Collected data entries –
* * *
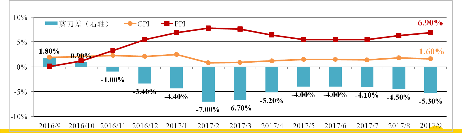 9月份我國CPI為1.6%,較上月縮小0.2個(gè)百分點(diǎn),略低于市場(chǎng)預期,蔬菜 價(jià)格增速大幅放緩是主要原因,而核心CPI從2.2%升至2.3%,顯示價(jià)格正向下 游傳導。 受9月上半月黑色、有色大漲影響,PPI為6.9%,大超市場(chǎng)預期。
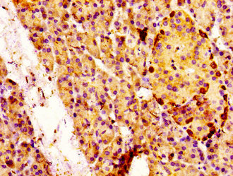 • IHC image of CSB-PA013426LA01HU diluted at 1:100 and staining in paraffin-embedded human pancreatic tissue performed on a Leica BondTM system. After dewaxing and hydration, antigen retrieval was mediated by high pressure in a citrate buffer (pH 6.0). Section was blocked with 10% normal goat serum 30min at RT. Then primary antibody (1% BSA) was incubated at 4°C overnight. The primary is detected by a biotinylated secondary antibody and visualized using an HRP conjugated SP system.
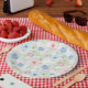 Assiettes En Carton Fleurs d'aquarelle rose et bleu.
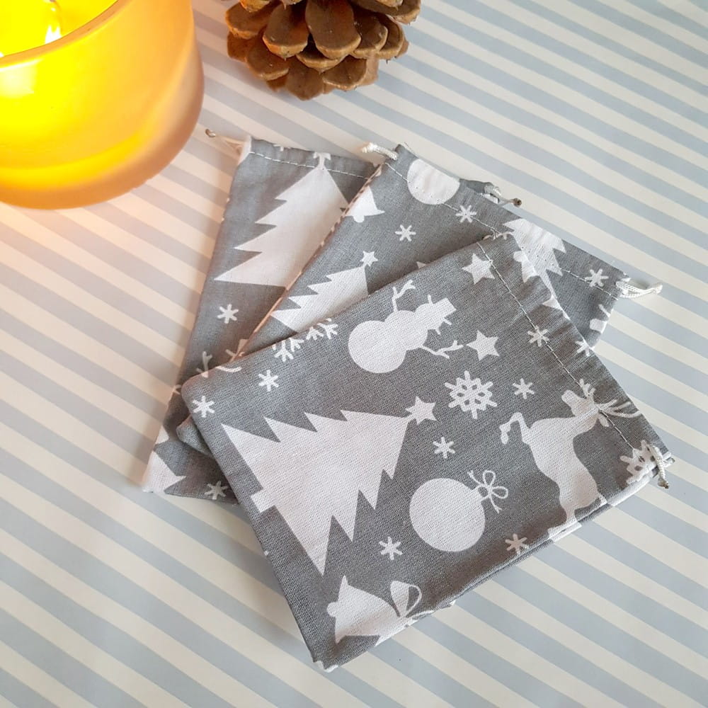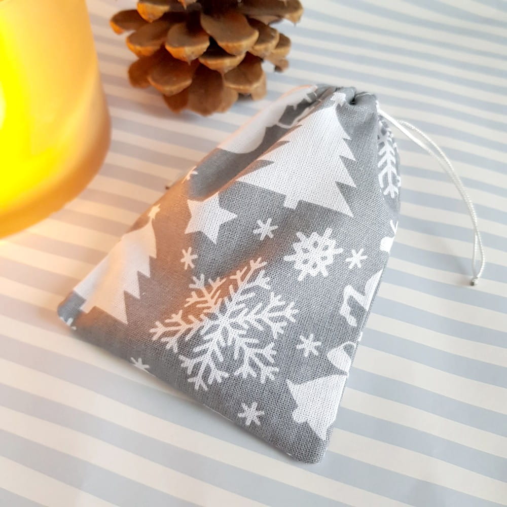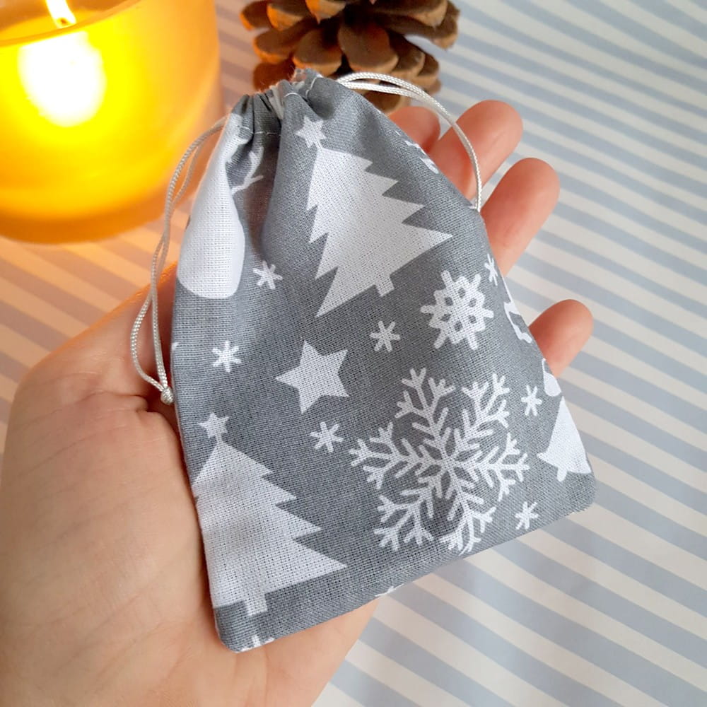 Woreczek wykonany z bawełnianej tkaniny w świąteczny print na szarym tle.
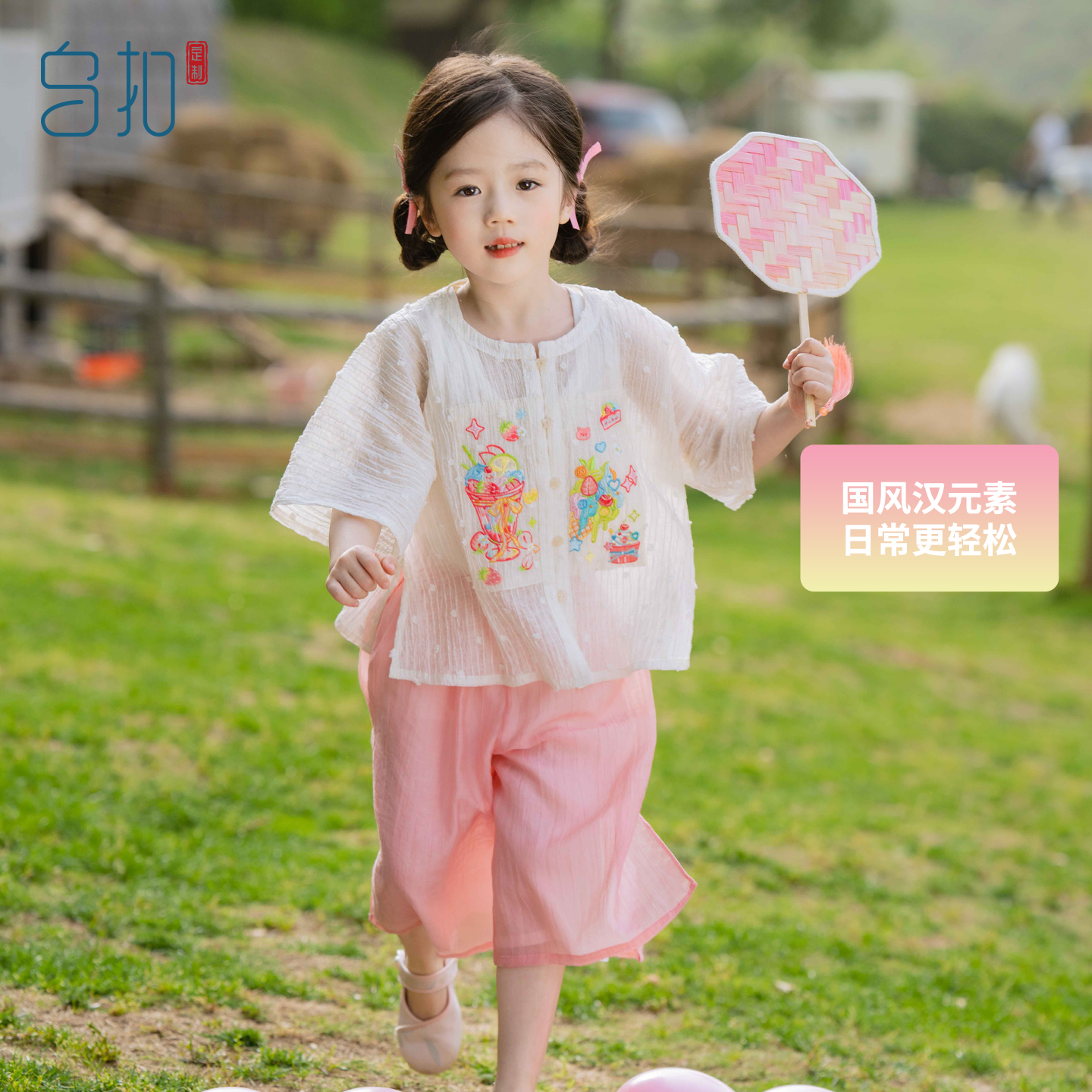 清甜夏日女童新中式 短袖 童装 薄款 国风儿童汉服改良明制 夏季 乌扣.
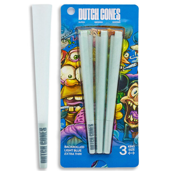 Voorgerolde King size vloei met tips, blauw, blister 3 stuks. Display 50 blisters.
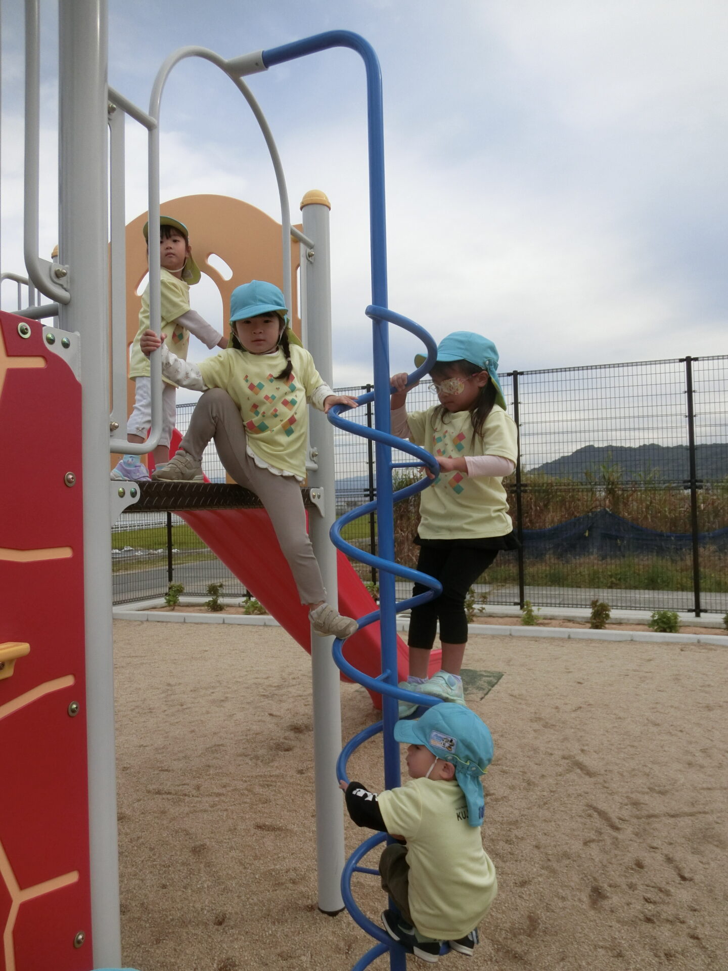 列車を見送った後は、広場の遊具でたくさん遊びました💗少し高いところにも工夫して登り挑戦する姿があり、成長を垣間見ることができました。
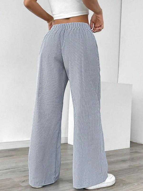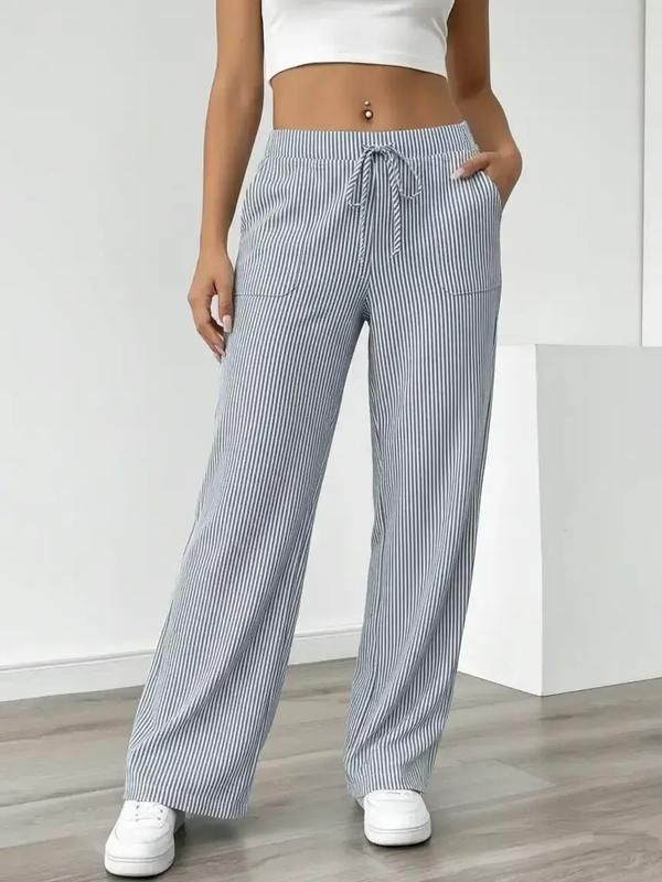 Women's Striped Wide Leg Pants, Casual Elastic Waist Home Wear, Fitted Long Regular Fit, Natural Waist, Stripe Pattern, Casual Fashion Pants
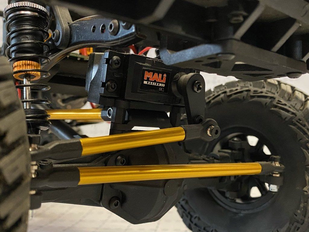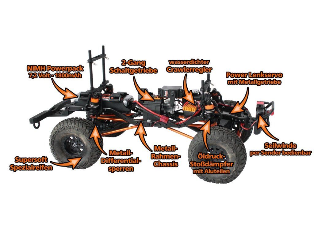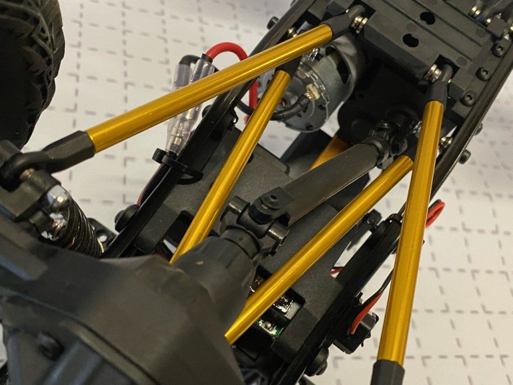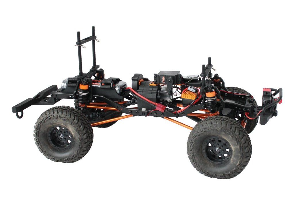 Rám šasi tvoria klasické dva kovové pozdĺžniky s plastovými priečnikmi a lôžkami pre upevnenie pohonu, serva riadenia a batérie. Klasická osvedčená konštrukcia zabezpečuje dostatočnú tuhosť a zároveň veľký výkyv náprav pri zdolávaní pekážok. Olejové tlmiče majú matice pre nastavenie tuhosti pružín. Servo riadenia je dostatočne silné a má kovové prevody. Výrobca deklaruje vodeodolnosť voči striekajúcej vode. Diferenciály náprav sú trvalo uzamknuté, stredová prevodovka umožňuje pomocou serva nastaviť jeden z dvoch prevodových pomerov a zvoliť tak rýchlosť modelu na rovine, alebo vysoký krútiaci moment v ťažkom teréne. LED svetlá (vrátane blinkrov a brzdových) sú nainštalované a diaľkovo ovládané.
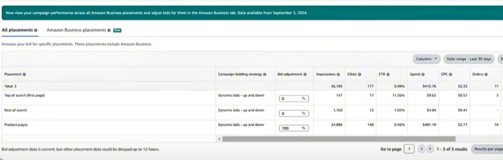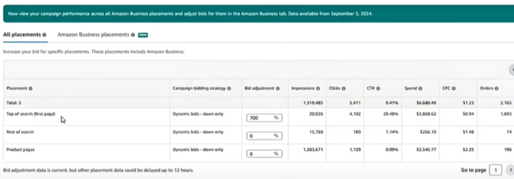 • Bid Adjustment 调整高(比如 +700%),但基础出价压低,确保只出现在产品页,不出现在关键词搜索位。
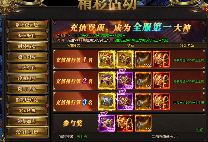 活动说明:名动本服,充值达到100000神玉即可参与排行,前三名均可获得极品自选宝箱。充值达到50000神玉即可获得参与奖。奖励会在活动结束后通过邮件发放
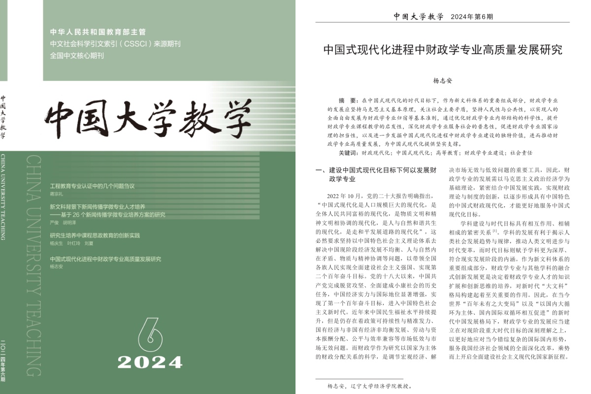M体育平台·(中国)官方网站经济学院杨志安教授在《中国大学教学》2024年第6期发表论文《中国式现代化进程中财政学专业高质量发展研究》。
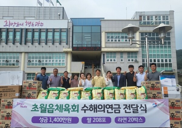 이에 따라 초월읍체육회는 쌀과 라면 등 2천만원 상당의 구호 물품을 수해민에게 전달할 계획이라고 전했다.
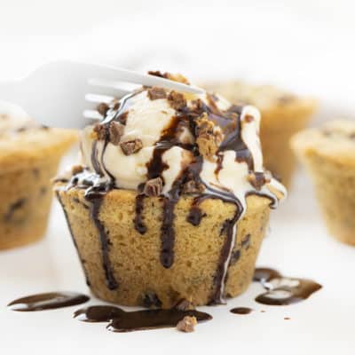 巧克力曲奇杯巧克力曲奇面团烤松饼锡惊喜迷你里斯的花生酱杯依偎在里面。如果你只是渴望巧克力曲奇,看看我自制的巧克力片饼干食谱。
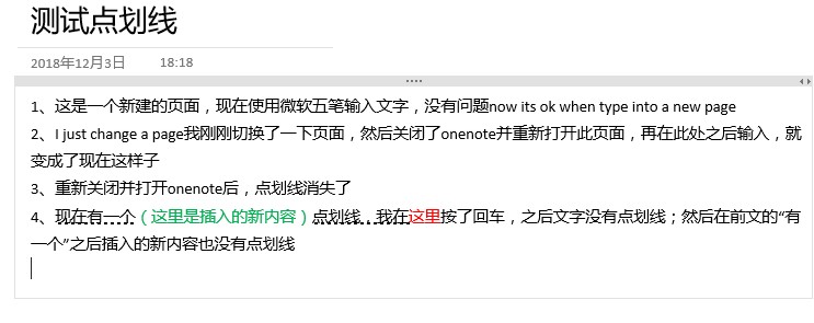 经测试 OneNote for windows 10版本 在输入文字的时候会出现黑色点划线 当您完成输入的时候点划线会自动消失
* * *
How to complete this task – Transcribe the records above exactly, omitting every picture they contain.

Result for this exercise –
 9月份我國CPI為1.6%,較上月縮小0.2個(gè)百分點(diǎn),略低于市場(chǎng)預期,蔬菜 價(jià)格增速大幅放緩是主要原因,而核心CPI從2.2%升至2.3%,顯示價(jià)格正向下 游傳導。 受9月上半月黑色、有色大漲影響,PPI為6.9%,大超市場(chǎng)預期。
 • IHC image of CSB-PA013426LA01HU diluted at 1:100 and staining in paraffin-embedded human pancreatic tissue performed on a Leica BondTM system. After dewaxing and hydration, antigen retrieval was mediated by high pressure in a citrate buffer (pH 6.0). Section was blocked with 10% normal goat serum 30min at RT. Then primary antibody (1% BSA) was incubated at 4°C overnight. The primary is detected by a biotinylated secondary antibody and visualized using an HRP conjugated SP system.
 Assiettes En Carton Fleurs d'aquarelle rose et bleu.
 Woreczek wykonany z bawełnianej tkaniny w świąteczny print na szarym tle.
 清甜夏日女童新中式 短袖 童装 薄款 国风儿童汉服改良明制 夏季 乌扣.
 Voorgerolde King size vloei met tips, blauw, blister 3 stuks. Display 50 blisters.
 列車を見送った後は、広場の遊具でたくさん遊びました💗少し高いところにも工夫して登り挑戦する姿があり、成長を垣間見ることができました。
 Women's Striped Wide Leg Pants, Casual Elastic Waist Home Wear, Fitted Long Regular Fit, Natural Waist, Stripe Pattern, Casual Fashion Pants
 Rám šasi tvoria klasické dva kovové pozdĺžniky s plastovými priečnikmi a lôžkami pre upevnenie pohonu, serva riadenia a batérie. Klasická osvedčená konštrukcia zabezpečuje dostatočnú tuhosť a zároveň veľký výkyv náprav pri zdolávaní pekážok. Olejové tlmiče majú matice pre nastavenie tuhosti pružín. Servo riadenia je dostatočne silné a má kovové prevody. Výrobca deklaruje vodeodolnosť voči striekajúcej vode. Diferenciály náprav sú trvalo uzamknuté, stredová prevodovka umožňuje pomocou serva nastaviť jeden z dvoch prevodových pomerov a zvoliť tak rýchlosť modelu na rovine, alebo vysoký krútiaci moment v ťažkom teréne. LED svetlá (vrátane blinkrov a brzdových) sú nainštalované a diaľkovo ovládané.
 • Bid Adjustment 调整高(比如 +700%),但基础出价压低,确保只出现在产品页,不出现在关键词搜索位。
 活动说明:名动本服,充值达到100000神玉即可参与排行,前三名均可获得极品自选宝箱。充值达到50000神玉即可获得参与奖。奖励会在活动结束后通过邮件发放
M体育平台·(中国)官方网站经济学院杨志安教授在《中国大学教学》2024年第6期发表论文《中国式现代化进程中财政学专业高质量发展研究》。
 이에 따라 초월읍체육회는 쌀과 라면 등 2천만원 상당의 구호 물품을 수해민에게 전달할 계획이라고 전했다.
 巧克力曲奇杯巧克力曲奇面团烤松饼锡惊喜迷你里斯的花生酱杯依偎在里面。如果你只是渴望巧克力曲奇,看看我自制的巧克力片饼干食谱。
 经测试 OneNote for windows 10版本 在输入文字的时候会出现黑色点划线 当您完成输入的时候点划线会自动消失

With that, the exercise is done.